- _Information shown_
====
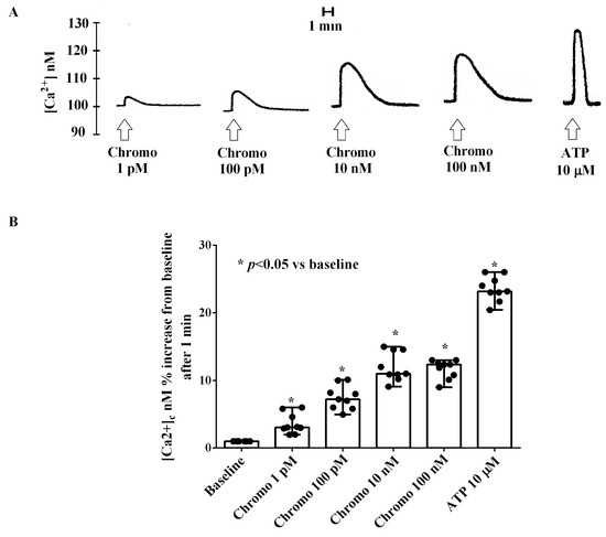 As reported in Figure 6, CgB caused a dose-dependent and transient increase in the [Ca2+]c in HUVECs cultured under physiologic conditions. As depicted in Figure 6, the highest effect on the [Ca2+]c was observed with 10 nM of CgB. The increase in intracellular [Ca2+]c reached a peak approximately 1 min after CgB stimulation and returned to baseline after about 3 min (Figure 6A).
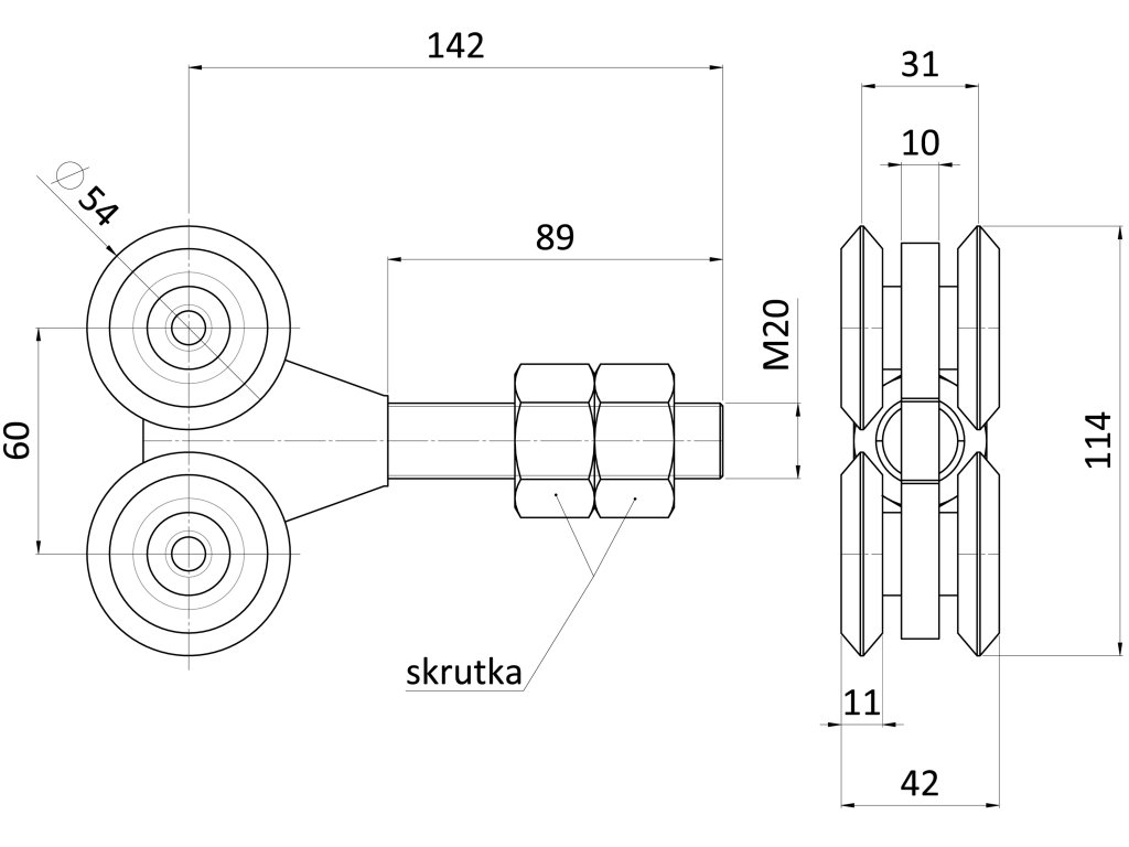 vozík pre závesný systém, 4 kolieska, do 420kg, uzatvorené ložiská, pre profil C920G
====
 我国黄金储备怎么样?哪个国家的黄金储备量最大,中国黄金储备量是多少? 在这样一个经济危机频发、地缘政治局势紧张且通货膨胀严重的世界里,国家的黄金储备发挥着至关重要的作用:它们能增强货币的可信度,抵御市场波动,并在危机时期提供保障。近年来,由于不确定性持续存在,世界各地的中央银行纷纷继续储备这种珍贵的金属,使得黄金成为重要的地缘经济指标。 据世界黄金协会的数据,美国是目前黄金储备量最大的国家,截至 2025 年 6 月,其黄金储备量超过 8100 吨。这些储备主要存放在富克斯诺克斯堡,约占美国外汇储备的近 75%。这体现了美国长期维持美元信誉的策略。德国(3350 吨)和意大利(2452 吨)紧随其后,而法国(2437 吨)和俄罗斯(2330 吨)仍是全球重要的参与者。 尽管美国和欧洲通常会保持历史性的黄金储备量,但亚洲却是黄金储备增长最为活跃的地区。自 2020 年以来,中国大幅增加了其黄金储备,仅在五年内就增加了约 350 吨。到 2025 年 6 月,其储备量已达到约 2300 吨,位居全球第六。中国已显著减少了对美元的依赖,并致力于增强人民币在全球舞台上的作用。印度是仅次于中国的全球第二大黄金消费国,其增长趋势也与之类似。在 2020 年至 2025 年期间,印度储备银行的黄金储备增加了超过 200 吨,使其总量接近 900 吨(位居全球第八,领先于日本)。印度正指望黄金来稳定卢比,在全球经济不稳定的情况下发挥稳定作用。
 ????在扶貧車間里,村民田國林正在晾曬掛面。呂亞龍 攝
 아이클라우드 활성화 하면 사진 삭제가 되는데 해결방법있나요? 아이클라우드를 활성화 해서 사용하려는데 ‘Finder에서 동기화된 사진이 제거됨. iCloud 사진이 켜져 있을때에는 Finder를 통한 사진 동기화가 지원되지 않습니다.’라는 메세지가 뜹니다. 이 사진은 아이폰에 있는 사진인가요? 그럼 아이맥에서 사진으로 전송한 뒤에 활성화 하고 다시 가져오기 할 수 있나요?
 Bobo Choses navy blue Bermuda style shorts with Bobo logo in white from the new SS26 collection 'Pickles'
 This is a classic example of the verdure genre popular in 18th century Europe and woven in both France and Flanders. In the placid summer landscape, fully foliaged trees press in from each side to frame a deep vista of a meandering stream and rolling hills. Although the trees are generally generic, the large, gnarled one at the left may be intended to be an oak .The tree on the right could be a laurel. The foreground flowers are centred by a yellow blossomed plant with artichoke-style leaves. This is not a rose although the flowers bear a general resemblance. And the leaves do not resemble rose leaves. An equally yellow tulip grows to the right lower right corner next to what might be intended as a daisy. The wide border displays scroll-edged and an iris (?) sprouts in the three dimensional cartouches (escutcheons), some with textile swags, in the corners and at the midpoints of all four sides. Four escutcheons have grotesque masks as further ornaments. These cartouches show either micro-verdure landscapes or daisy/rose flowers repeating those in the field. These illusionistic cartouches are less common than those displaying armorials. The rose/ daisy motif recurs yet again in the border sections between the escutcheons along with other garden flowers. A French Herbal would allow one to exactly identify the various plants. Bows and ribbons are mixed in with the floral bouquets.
====
Copy only these lines from the records above, exactly: the one with "As reported in", the one with "vozík pre závesný", and those between. Skip the pictures.

 As reported in Figure 6, CgB caused a dose-dependent and transient increase in the [Ca2+]c in HUVECs cultured under physiologic conditions. As depicted in Figure 6, the highest effect on the [Ca2+]c was observed with 10 nM of CgB. The increase in intracellular [Ca2+]c reached a peak approximately 1 min after CgB stimulation and returned to baseline after about 3 min (Figure 6A).
 vozík pre závesný systém, 4 kolieska, do 420kg, uzatvorené ložiská, pre profil C920G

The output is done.